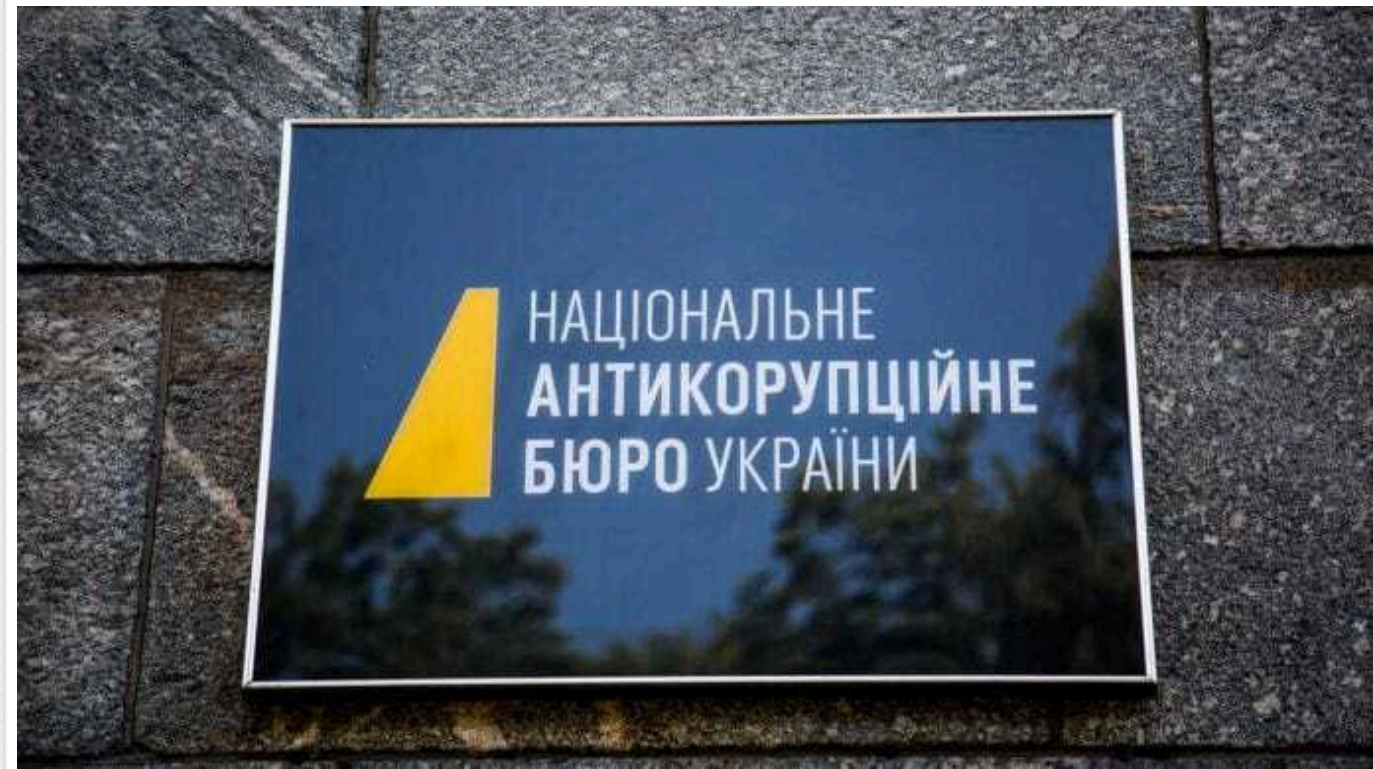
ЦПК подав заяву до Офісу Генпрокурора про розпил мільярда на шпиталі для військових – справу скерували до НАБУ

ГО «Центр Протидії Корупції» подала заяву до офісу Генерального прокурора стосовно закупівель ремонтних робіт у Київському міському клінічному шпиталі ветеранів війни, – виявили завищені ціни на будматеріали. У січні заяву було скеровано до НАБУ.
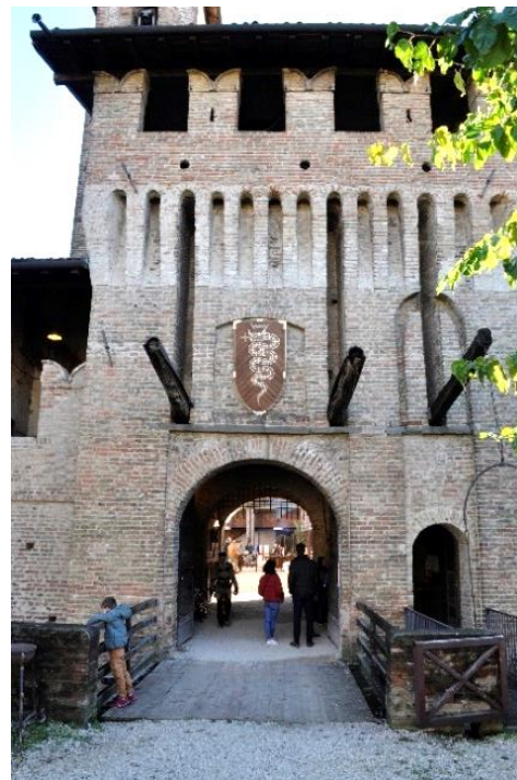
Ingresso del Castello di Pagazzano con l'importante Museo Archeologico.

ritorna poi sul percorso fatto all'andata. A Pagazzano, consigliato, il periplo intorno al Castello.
.....
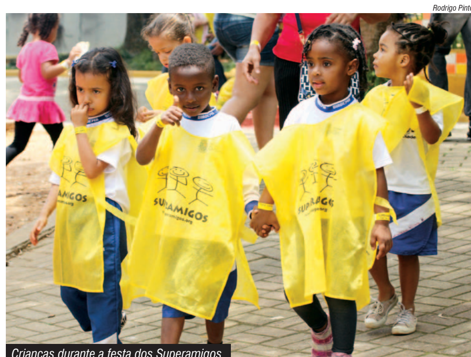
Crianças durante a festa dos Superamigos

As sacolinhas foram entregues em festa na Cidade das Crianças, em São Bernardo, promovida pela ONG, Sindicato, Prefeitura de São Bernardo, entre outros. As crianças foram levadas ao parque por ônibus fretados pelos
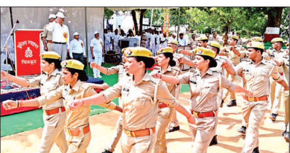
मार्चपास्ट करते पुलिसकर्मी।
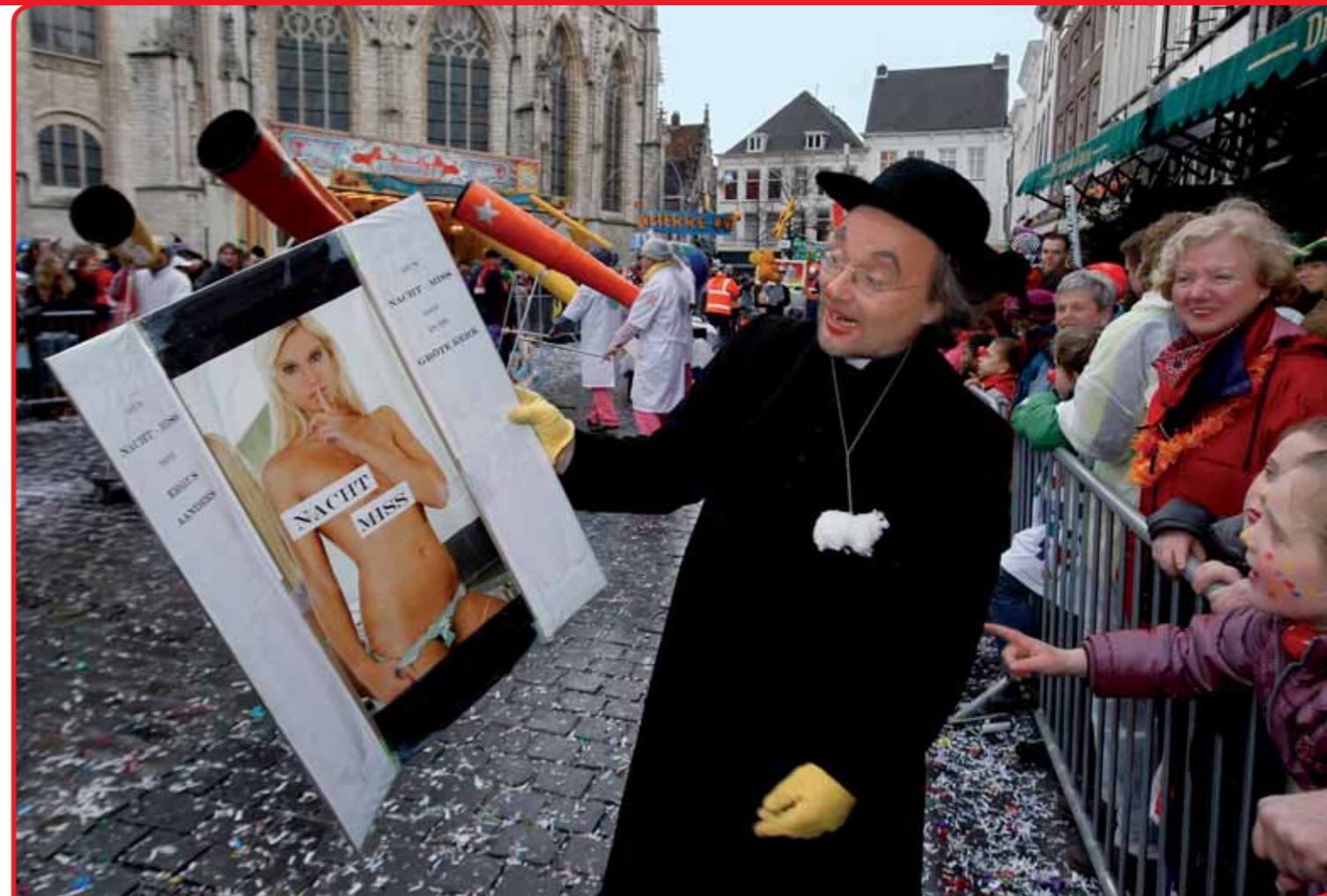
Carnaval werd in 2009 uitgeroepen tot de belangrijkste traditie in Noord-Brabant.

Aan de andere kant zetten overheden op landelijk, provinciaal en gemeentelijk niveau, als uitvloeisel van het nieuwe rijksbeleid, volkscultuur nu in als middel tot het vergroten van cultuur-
.....
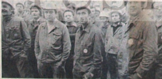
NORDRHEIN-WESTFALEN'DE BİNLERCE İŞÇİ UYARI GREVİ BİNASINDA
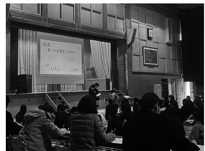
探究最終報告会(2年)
.....
- Problem to work on
Tally the lines of the listing in which the string "Crianças" appears, and state the tally alone.

- Problem solution
2